The USD.AI Thesis: Inference Will Dominate
Sep 19, 2025|USDAI's Thesis on Inference Demand
When we talk with our community, one of the biggest misconceptions we hear is that only the latest generation GPUs hold value.
For Bitcoin mining, this is absolutely true. After 18 months, the chips are done. Zilch, can't compete any more.
The AI market is different.
Today, NVIDIA’s H100 is the benchmark for training frontier models. But demand for prior-generation chips such as the A100 remains strong.

AI chips don’t become worthless the moment the next generation launches. Instead, their role changes.
- Training workloads i.e. developing new frontier models, require the latest, fastest, most expensive hardware. This is where hyperscalers like Microsoft, Google, and Amazon dominate, because training demands the scale, capital, and data infrastructure that only they can provide.
- Inference workloads i.e. running queries on chatbots, generating images, or serving real-time outputs, are a different story.
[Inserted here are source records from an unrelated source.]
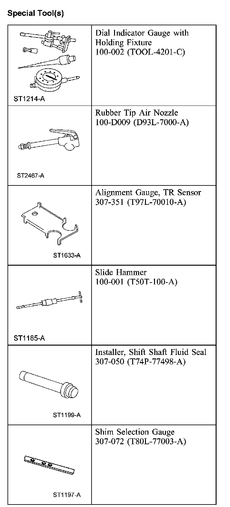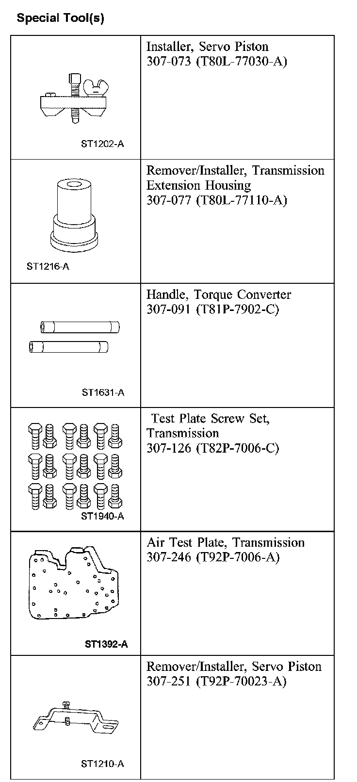 TransmissionSpecial Tool(s) (Part 1):
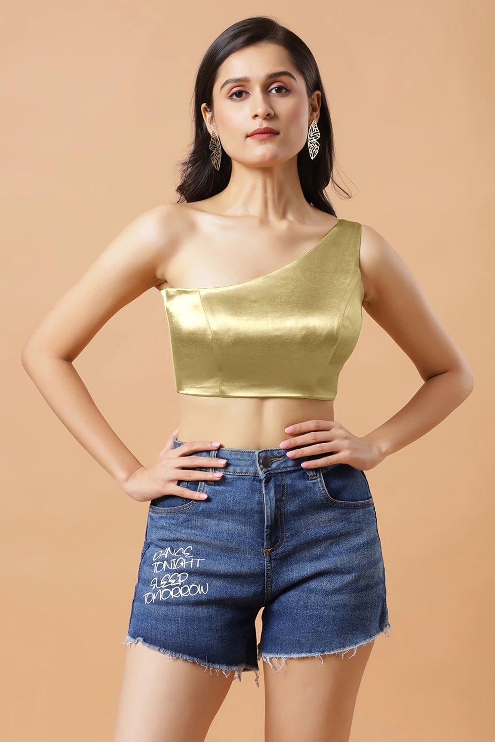The Giana Light Gold One Shoulder Blouse takes traditional elegance to the next level! The blouse is a true Black color in a one shoulder style with the right shoulder exposed. It is made of durable and comfortable stretchable Satin / Cotton with Cotton lining. It has a side zipper enclosure and optional padding.
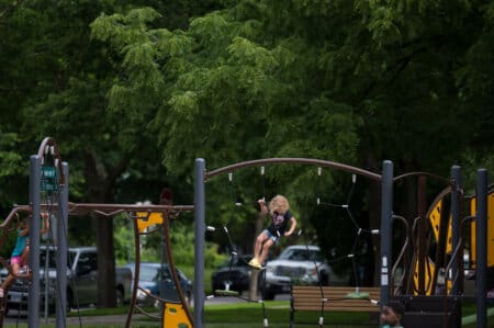 Farwell Park’s open play field, picnic tables and community bulletin boards make the park a neighborhood gathering place.
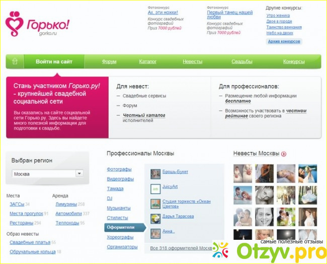Если у вас намечается скоро свадьба, и нужен свадебный фотограф, видео оператор, визажист, парикмахер, то вам непременно стоит заглянуть на этот сайт.Горько. ру- это крупнейшая свадебная социальная сеть, в которой вы найдете все что нужно для подготовки своей свадьбы, как правильно ее организовать, оформить и прочие вопросы. Первое что нужно сделать это пройти не сложную регистрацию на сайте. Затем вы выбираете нужный вам регион в котором вы проживаете, городов в списке много.
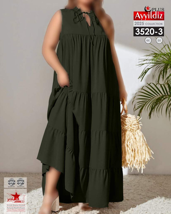 کد 3520 پیراهن ساحلی بیگ سایز آی یلدیز دوخت و کیفیت تضمینی تنخور عالی سایز 4 مناسب 44 تا 48 سایز 5 مناسب 50 تا 56 جنس کرپ سوزنی اعلا رنگ : مشکی کله غازی یشمی ارسال فوری
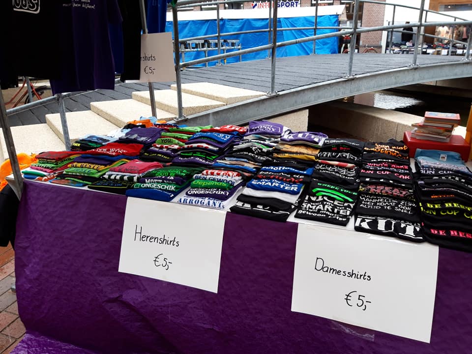 De kleding in de uitverkoop bestaat uit shirts voor dames, heren en kinderen, beschikbaar in een beperkte selectie maten. De voorraad is beperkt en geldt uitsluitend voor de maten die bij het betreffende artikel vermeld staan. Er kan niet worden afgeweken van de aangegeven maatvoering.

Here, the hardware requirement is less about cutting-edge specs and more about throughput and cost. Companies care about response time and token generation, not which GPU is doing the work.
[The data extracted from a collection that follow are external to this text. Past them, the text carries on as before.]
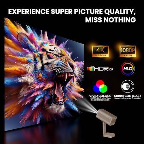 【Native 1080p | 4X Brighter | 4K HDR support | Fully Auomatic】 : Small is the new BIG, the Atom 4X Plus 2026 Upgraded model in stunning Gold is a visual Marvel with 1080p Native , HDR + HLG and 4X brighter at 400 ISO Lumens equivalent or better than chinese brands claimed but unverifiable 11,000 lumens. The 6000 : 1 Contrast deliveres a visual Feast on Massive 762cm (300″) Screen Size. LTPS Wide Screen LCD (16:9) & EGATE’s “Life Long Lamp” – 60000 Hours.
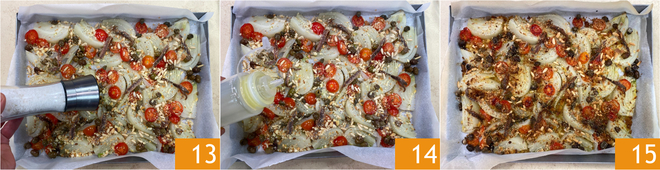 Salez 13, poivrez et enfin arrosez d'un filet d'huile 14. Faites cuire dans un four statique préchauffé à 180°C pendant environ 20 minutes ou jusqu'à ce qu'une croûte dorée se forme à la surface. Sortez du four et servez vos fenouils gratinés à la méditerranéenne immédiatement 15 !
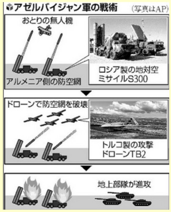 アゼルバイジャンのアリエフ大統領は18日、旧ソ連諸国の独立国家共同体(CIS)オンライン首脳会議で、「戦闘はもはや過去形で語るものになった」と「歴史的勝利」を振り返ったようですが、ドローンを巧みに使用する戦いは今後ますます普及するのでしょう』
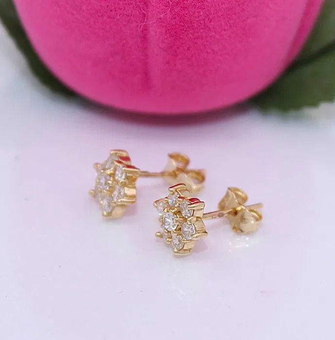 Oferujemy na sprzedaż złote kolczyki, wykonane z 14-karatowego (p.585) żółtego złota.
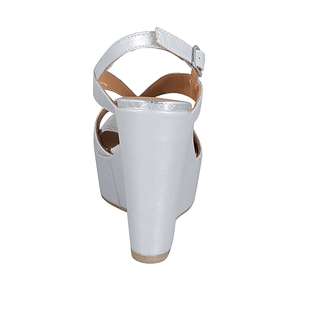 Damensandale aus silberlaminiertem bedrucktem Leder mit Plateau und Keilabsatz 12

This distinction is why A100s, V100s, and similar “older” GPUs continue to generate revenue years after release.
Training vs. Inference Demand
This is where the real opportunity lies.
Brookfield projects that while training makes up ~80% of compute demand today, by 2030 inference will represent 75% of global demand. Inference is not controlled solely by hyperscalers. It is met by smaller colocation providers, sovereign initiatives, and independent operators that often rely on prior-generation GPUs.

Even large Hyperscalers like Elon Musk's xAI are using cloud providers for inference.
Over the next decade, $7 trillion will be spent on AI infrastructure. That includes $4 trillion in GPUs and compute systems, $2 trillion in AI factories (data centers), and nearly $1 trillion across power and transmission. Hyperscaler capex alone reached $325 billion in 2024 and continues to accelerate.
The installed GPU base is expected to grow from 7 million units in 2024 to more than 45 million by 2034. Hardware refresh cycles occur every 12–18 months, so depreciation and replacement are systemic.
GPU-as-a-service is forecast to grow from $30 billion in 2025 to more than $250 billion by 2034, with operators earning 25–30% unlevered returns on GPU leasing.
As inference demand scales, the need for financing grows most acutely outside the hyperscaler ecosystem, in colocation centers, sovereign projects, and independent operators building the backbone of AI.
Depreciation as a Feature
Enterprise GPUs depreciate at roughly 20–30% annually. Secondary market pricing reflects this:
- A100 rental rates declined from $2.40/hour in 2020 to $1.40/hour in 2024.
- H100s fell from ~$4/hour at launch to $1–$2/hour within 18 months.
Hardware prices are a function of the rental income they can generate. Rates fell 50% on H100s, and prices on the secondary market also fell from ~300k to ~150k over the same time period. It's not a perfect 1:1 correlation, but its a good directional representation of the underlying value of the hardware.
Fast depreciation drives operators to refresh hardware on short cycles.
In the USD.AI protocol, loans are structured on a three-year amortization schedule, matching this refresh pattern. By the time a borrower repays a loan, they are ready for a new fleet of chips, and a new loan.
This structure creates speed and liquidity in the onchain loan facility.
On average, the protocol receives about 3-4% of the total loan balance each month across its assets. This allows the protocol to cycle quickly, adapt to hardware refreshes, and continually service the GPUs that are actively generating revenue.
It is not like financing a 30-year mortgage, which is an industry that's already been fully captured by TradFi, is heavily regulated and almost all business is run through the banks.
Instead, GPU financing is more like a three-year auto lease for a Mercedes: high performance, fast turnover, and continuous renewal. Banks are not in this business yet, and private credit has yet to optimize this market.
That turnover and open market opportunity is exactly what allows USD.AI to provide yield to stablecoin stakers, while financing the cutting edge of AI infrastructure.
Rapid depreciation and constant refresh cycles are not risks to be avoided but realities to be harnessed. The protocol's financing model is built for this future, providing liquidity for depositors, capital for operators, and fueling the global AI infrastructure buildout.
At USD.AI, our thesis is clear: inference will dominate.